* [Given material]
____

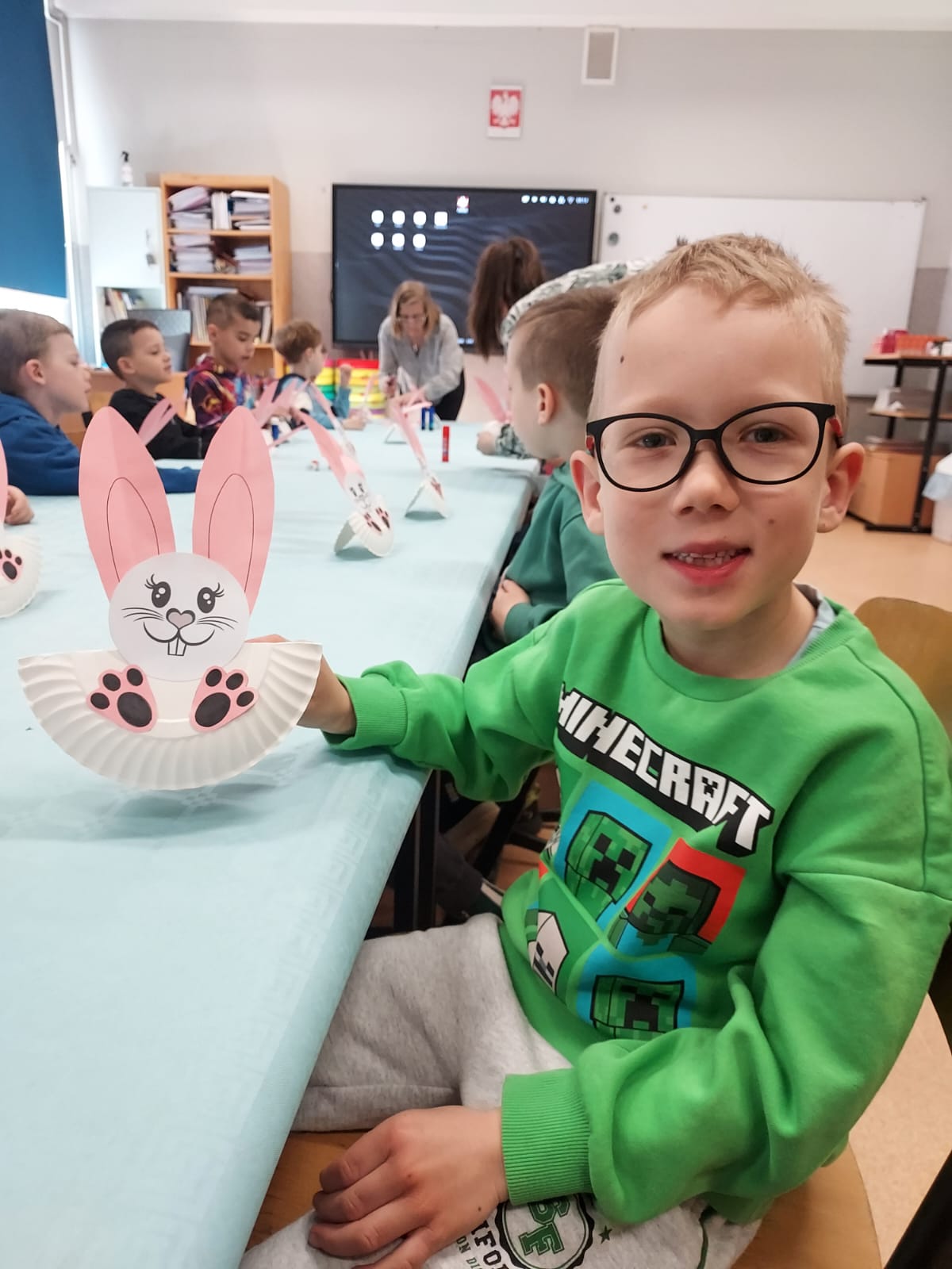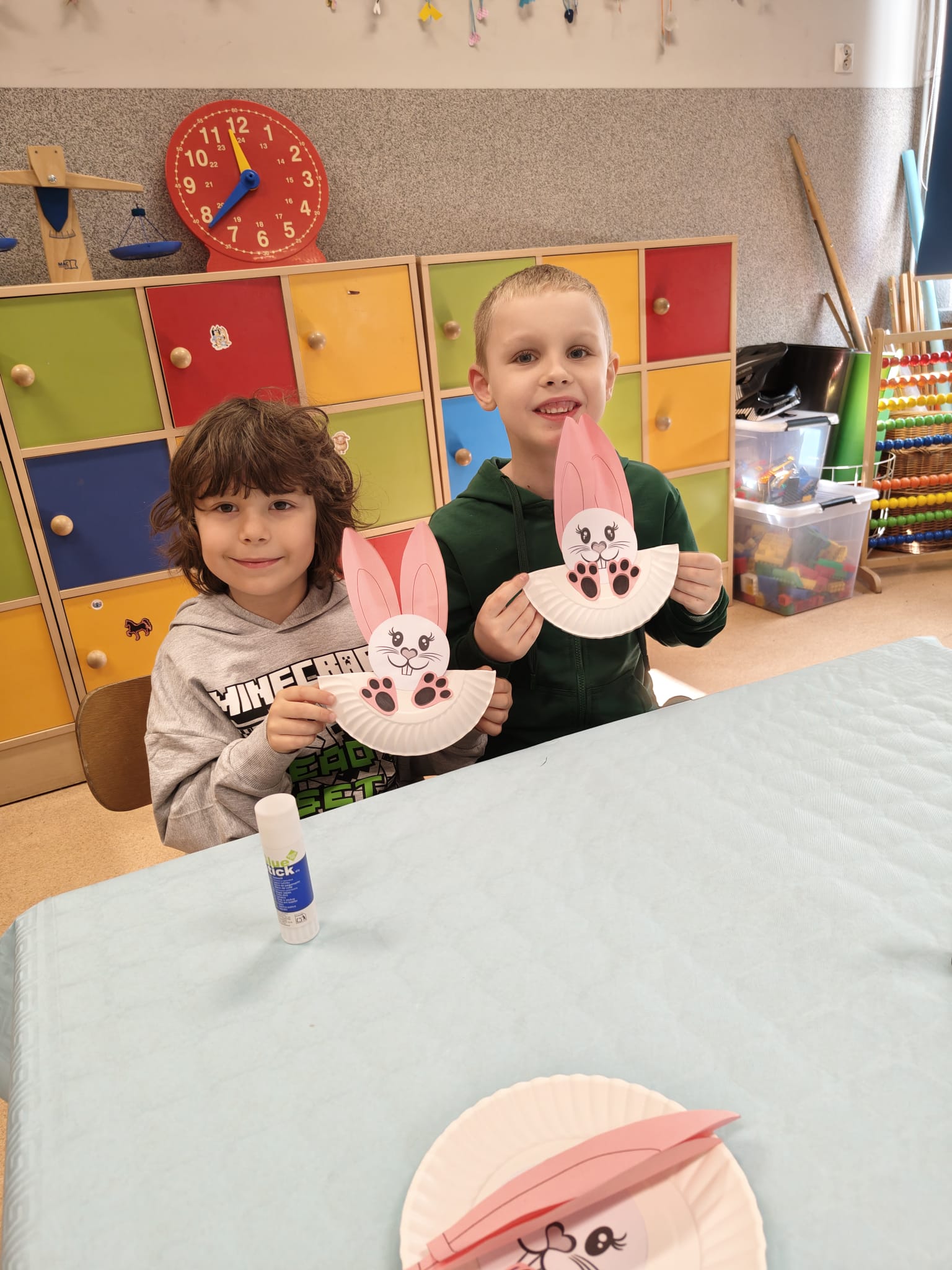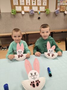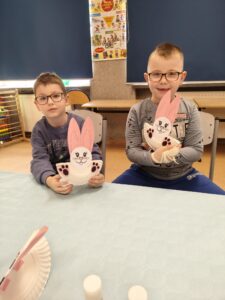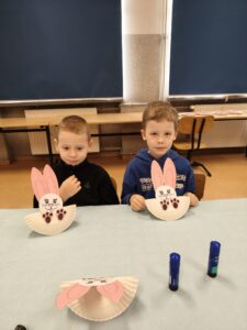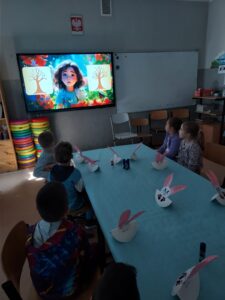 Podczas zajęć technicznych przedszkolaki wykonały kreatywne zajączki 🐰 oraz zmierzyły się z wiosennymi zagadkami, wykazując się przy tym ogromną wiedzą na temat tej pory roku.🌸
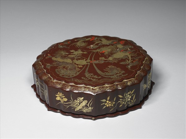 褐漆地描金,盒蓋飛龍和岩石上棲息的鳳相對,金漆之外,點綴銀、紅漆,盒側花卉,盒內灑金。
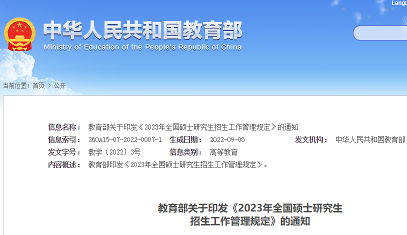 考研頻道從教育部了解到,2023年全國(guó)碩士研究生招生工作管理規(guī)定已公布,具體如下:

____

Retype all the material word for word while skipping any picture it contains.

* [Solution to this task]
 Podczas zajęć technicznych przedszkolaki wykonały kreatywne zajączki 🐰 oraz zmierzyły się z wiosennymi zagadkami, wykazując się przy tym ogromną wiedzą na temat tej pory roku.🌸
 褐漆地描金,盒蓋飛龍和岩石上棲息的鳳相對,金漆之外,點綴銀、紅漆,盒側花卉,盒內灑金。
 考研頻道從教育部了解到,2023年全國(guó)碩士研究生招生工作管理規(guī)定已公布,具體如下:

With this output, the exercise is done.